Oceanographers warn of cascading effects, calling for urgent conservation aligned with Paris Agreement goals.

Solutions and Conservation Strategies

Mitigation demands multi-pronged action:

• Protected Areas: MPAs in thermal refugia, e.g., polar fronts.
• Fisheries Management: Science-based quotas, bycatch reduction.
• Monitoring Tech: Expanded biologging by universities.
• Climate Action: Global emissions cuts to slow warming.
• Research Investment: Funding for metabolic studies at institutions like Trinity College Dublin.

Innovations like aquaculture for tuna offer hope, but wild populations need safeguards now.

Future Outlook: Research Frontiers and Calls to Action

Projections paint a dire picture: without intervention, mesotherm declines could reshape oceans by 2050. Yet, university-led research provides tools for resilience. Trinity College Dublin's biologging advances enable real-time tracking, informing adaptive management.

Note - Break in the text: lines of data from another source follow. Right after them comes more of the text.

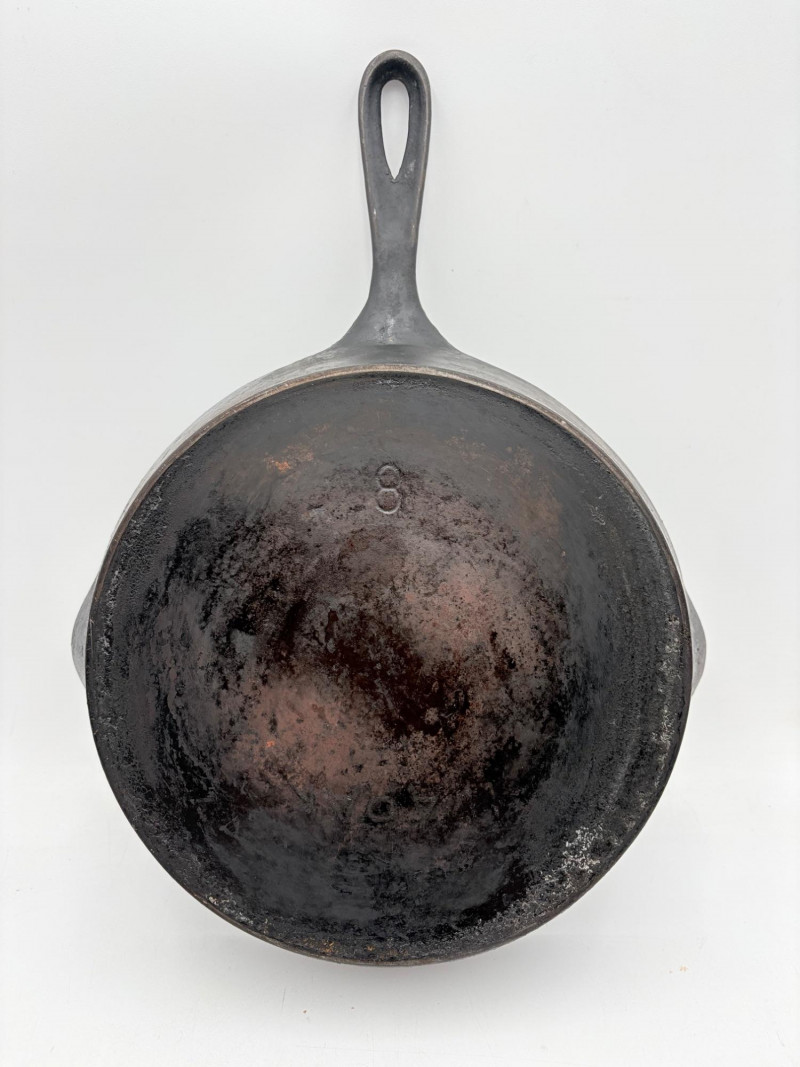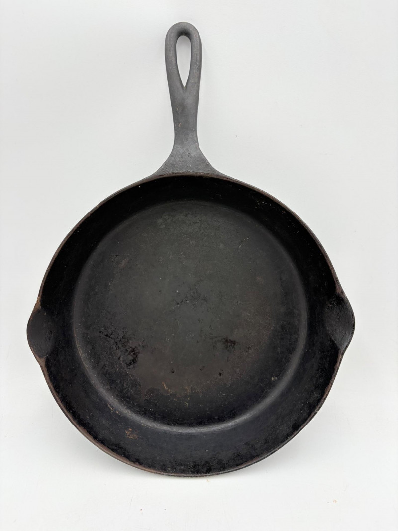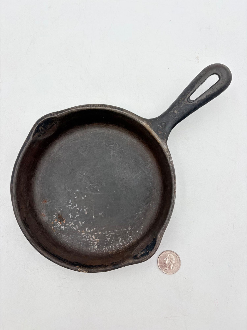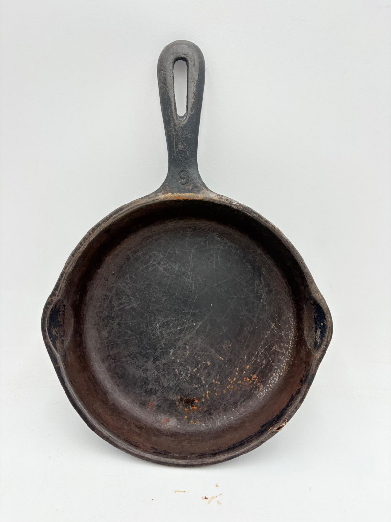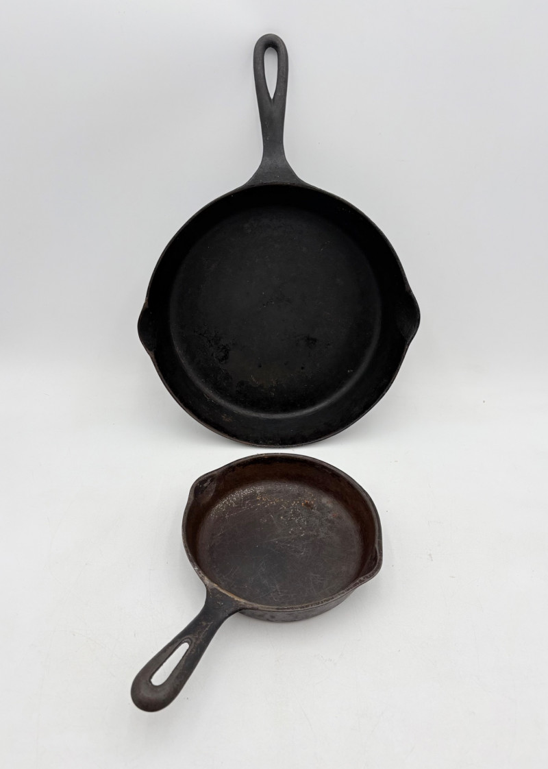 Any great cook knows that cast iron is the workhorse of the kitchen. We have 2 vintage pans of varying sizes in this lot that have seen lots of use but still have lots to give. Both are in need of being stripped and seasoned, but since we do that every few months to our own cast iron, we know that shouldn't be much of a burden for the quality cast iron delivers. (And the vintage cast iron like this is far better than what you find made today). Lot consists of: - 6" diameter pan from unknown maker. Has been used enough that bottom markings are worn off, but handle indicates #3. - 10" diameter pan from WAPAK (made in Ohio). Labeled #8. This pan has a slightly more slender handle than the other 2 cast iron pans of similar size up for auction* - easier for smaller hands. Wapak #8 Skillet - Etsy for sale elsewhere * see Lot #150.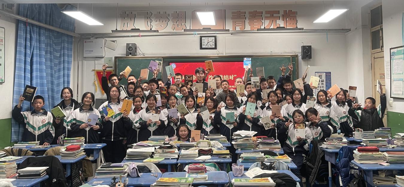 启动仪式上,青岛科技大学第25届研究生支教团成员张皓越介绍了城阳乡初级中学及7年级2班有关情况,并介绍了由成型中韩232团支部全体团员捐赠的“沙海图书角”。图书角包含《呐喊》《简·爱》“高尔基自传三部曲”等一系列世界文学名著,可以让同学们在学习之余感受文学的魅力,进一步丰富精神世界。同时《古代汉语词典》《初中生必背古诗文》等工具书也应有尽有,方便学生们随时查找使用。
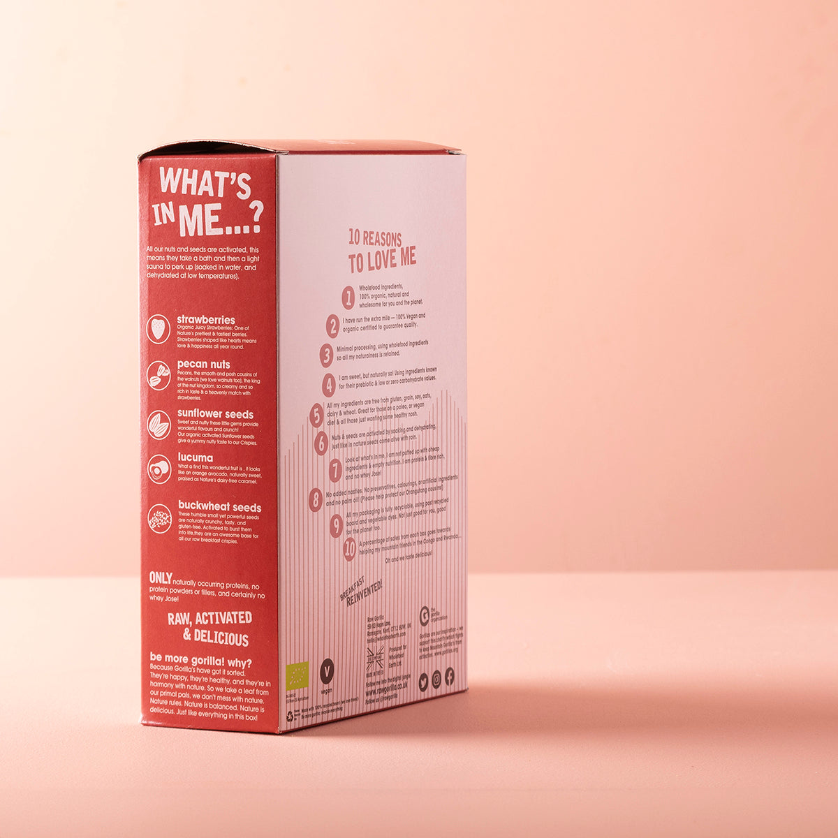 Raw Gorilla Rawberry Crispies are obviously scrumptious as breakfast, but why stop there? They can add a toothsome crunch to your yogurt and fruit lunch! Or if you don't have time to bother with all this m*lk and cereal combining, just eating it from the box makes for a delicious snack, so go ape!

As oceans warm 0.2°C/decade, collaboration between academia, governments, and industry is vital. Explore opportunities in marine biology research jobs or higher ed programs focusing on climate impacts—vital for safeguarding these ocean giants. Read the full Science paper for deeper insights.

Photo by Karl Callwood on Unsplash

University Research Driving Ocean Conservation

Institutions like Trinity College Dublin and University of Pretoria exemplify higher education's role in tackling global crises. Their interdisciplinary teams blend physiology, ecology, and data science, training next-gen scientists. Programs in marine biology and climate science offer hands-on research, preparing graduates for impactful careers amid environmental shifts.

This study underscores academia's imperative: translate findings into policy for sustainable oceans.